In this blog post, we outline five areas with supporting evidence for investors to prioritise in their stewardship going forward. A reluctance to address these areas risk leading to a less than optimal strategy, both in terms of resources and impact, so stop multi-tasking and focus!


Viewing stewardship as a cost-center instead of a profit center

Thoughtful stewardship can add value for clients, as discussed in this academic paper which analyses the efforts of a large active asset manager involving thousands of high-level private meetings with issuers globally. The authors show how the firm’s stewardship activities created an information advantage impacting trading decisions resulting in additional alpha.


This firm had a very solid process with well-defined coordination between portfolio managers, analysts, and the governance team. While the results are of course not applicable to all asset managers, there are certain markers we can look for, such as:

  • the expertise and experience of the team,

  • knowledge and data sharing structures, and

  • evidence of investment decisions based on engagement and voting outcomes.


Mixing engaging for information vs change

Engaging for information vs change, monitoring vs engagement, fact-finding vs goal-oriented; whatever terminology resonates, investors should separate the two in their engagement reporting. As noted by the UK Financial Reporting Council, in reference to the UK stewardship code, applicants should distinguish between interactions seeking information and activities with clear objectives. And while there is a role for both, demonstrating effective engagement should reflect the latter approach.


As discussed in this article for ESG Investor, this imposes the difficult task on investors to tier interactions based on intent and the level of effort to stay compliant with these emerging disclosure regimes. Many investors need therefore to evolve their approach in this regard, even if you view your investee monitoring and asset stewardship as one.


Making it a numbers game

As we’ve highlighted before, engagement is first a foremost a qualitative undertaking, requiring significant judgement and activity over a period of time. At the risk of sounding like a broken record, aligned with comments by UK-based investment management advisory Redington in its recent UK Stewardship code analysis, delivering effective change is what matters, not just quantity of activity.

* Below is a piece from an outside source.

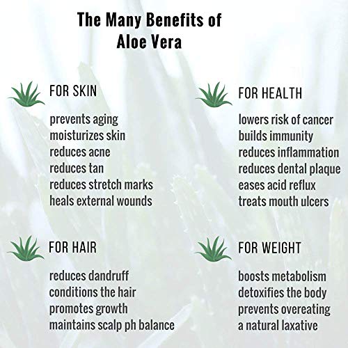 ● Fabrieksgarantie: 100% geld-terug-garantie, geen vragen gesteld en geen retourzending nodig. Aloë Vera, vaak de wonderplant van de natuur genoemd, wordt al duizenden jaren gebruikt om de huid te genezen en te verzachten. Aloë Vera staat bekend om zijn antibacteriële, schimmelwerende en ontstekingsremmende eigenschappen en heeft een breed scala aan toepassingen.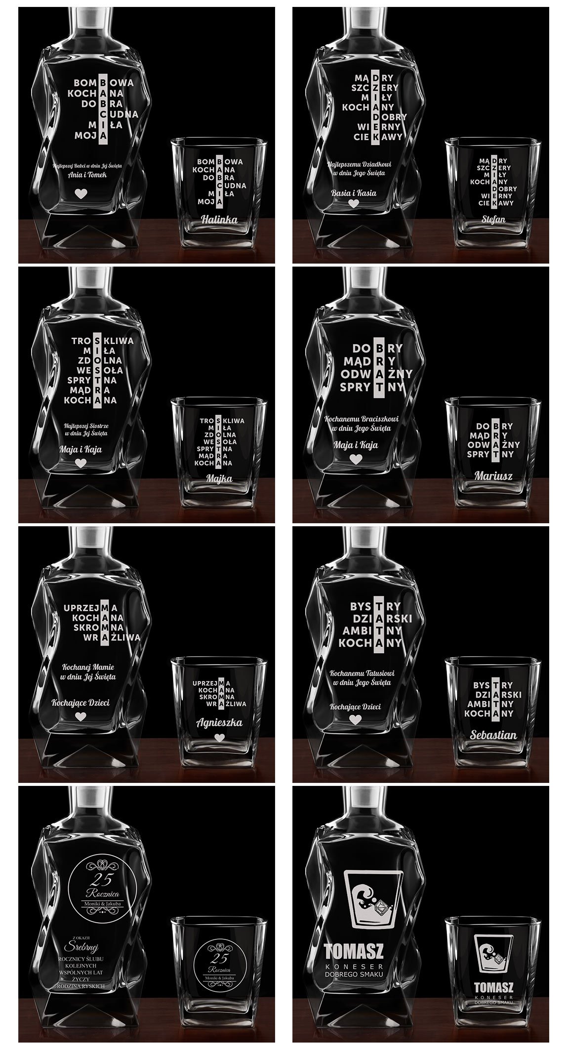 Графин ізвисокоякісного склаз персональною присвятою — чудова ідея дляподарунку.У набір також входятьшість келихів з гравіюванням. Оригінальна присвята, виконана в техніці лазерного гравіювання, безумовно, стане цікавою альтернативою типовим подарункам. Класична скляна конструкціяпідкреслює елегантний зовнішній вигляд подарунка, а в поєднанні з персональною присвятою стане унікальним і водночас практичним сувеніром протягом багатьох років.

While many of us are guilty of adding fuel to this fire, it’s time we all start to focus on what matters. As such, it’s positive to see how PRI in their new reporting framework ask investors to explain and exemplify their stewardship strategy in practice, including but not limited to investees and the broader market, collaboration, proxy voting, and escalation.


Failing to engage in systematic stewardship

Often commingled with systemic, or system-level stewardship, systematic stewardship offers an approach that serves both investor welfare and social welfare. It rests on the foundation of the universal owner narrative, whereby diversified investors would be better off focusing on reducing systematic - market-wide - risk as a way to improve risk-adjusted portfolio returns.


Interest in the approach continues to rise, with recent academic research and the Net-Zero Asset Owner Alliance's Future of Engagement report and target-setting protocol. It's about articulating merit-based expectations and following through on those using public discourse, proxy voting, and engagement. And focusing on appropriate levers for influence, which would see an increased focus on engaging standard setters and regulators to strengthen the rules of the game, and using collaborative settings to address together sector/value chain issues.

Forgetting about data management

Two common approaches to investors’ record-keeping are to either view engagements as sequences of activities towards specific objectives, or as individual interactions over a specific period. While the former approach suggests there are thoughtful engagement strategies in place, the latter doesn’t necessarily mean efforts are performed in a vacuum. Most often, it simply reflects different disclosure expectations.


Importantly, investors need to think about data management and ensure they have dedicated systems for record-keeping, performance monitoring, and coordination. Capabilities that support qualitative stewardship utilising the full engagement toolbox (including engagement, proxy voting, and public discourse). Without this your engagement disclosures will suffer, and so will your credibility to carry forward effective engagement.